Now, following Trump’s comments and actions on the first day of his presidency, the group’s crisis hotline is once again receiving a flood of calls. Sixty-two percent of incoming calls this week, the group told WIRED, came from transgender and gender non-conforming youth ages 14 to 17.
Callers express varying degrees of emotional and mental distress and often express feelings of hopelessness and fear. One of the most commonly shared sentiments is: “My country doesn’t want me to exist.”
While the Trump administration’s actions cause great suffering to the trans community and their families, there is already a significant increase in attacks, both online and offline, from Trump supporters who feel emboldened.

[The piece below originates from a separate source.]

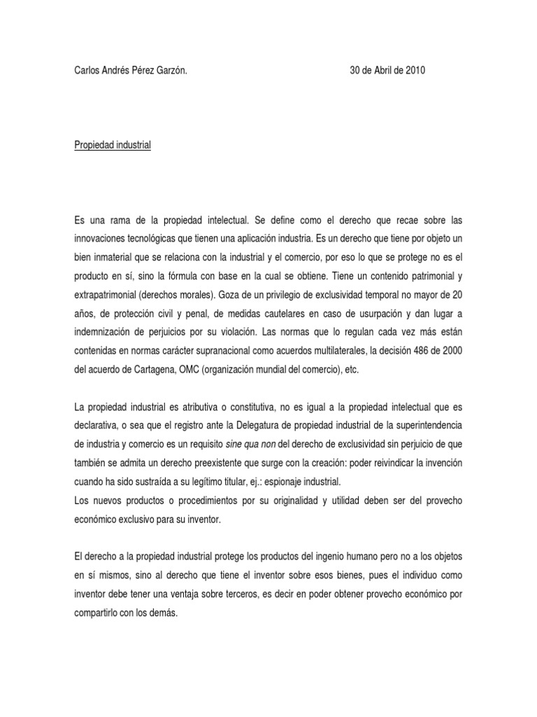 La propiedad industrial es atributiva o constitutiva, no es igual a la propiedad intelectual que es

“We’ve already seen an increase in hate towards us,” Fisher said. “We had someone come to our house just last Tuesday and put a note in our mailbox that said, ‘He’s your daddy now, he’s your president.’ You people will no longer exist.’ So yeah, they’re definitely encouraged.”
A trans pride flag they hung on their porch was stolen twice in a week. At her local Piggly Wiggly supermarket, she overheard people at a nearby table talking about how glad they were that Trump had “got rid” of transgender people.
“He didn’t get rid of them, they will always exist – but he damn well targeted them, especially my teenage son,” Fisher said.
And the attacks are also directed at the groups trying to help the LGBTQ+ community.
“We’ve seen a lot more hate,” Lance Preston, executive director of the Rainbow Youth Project, tells WIRED. “We got a lot of messages, crazy shit, like ‘Trump is your president, now you all have to go.’ We don’t want you here.’ We receive contact forms every day and the number has increased exponentially since the election. It’s really sad.”
Some activists also fear that those who have always stood with the LGBTQ+ community may be too afraid to speak out under Trump’s new administration.
“Every time something like this happens, we notice supporters giving in and just becoming quiet,” Chris Sederburg, who helps trans and gender non-conforming people through the Rainbow Youth Project, tells WIRED. “Not everyone, but many do it because they are afraid of what will happen. They are afraid of what might happen to them, otherwise they might feel hatred for it.”
Sederburg, a trans man who works as a trucker, communicates with young trans people on social media and says the community’s reaction this week has been “intense, immediate fear.”
For Jamie Anderson, a 40-year-old teacher from Texas, her biggest fear is that the Trump administration will force her 15-year-old daughter Dawn, who came out as transgender last year, to make a traumatic decision.
“My biggest concern is that she’ll have to live a lie again, like she’s not who she should be,” Anderson says. “She’s happy now, she’s much happier than she was right before she came out. She was super depressed. We had no idea what was going on. And finally she comes out and she’s this whole new, amazing, loving child.”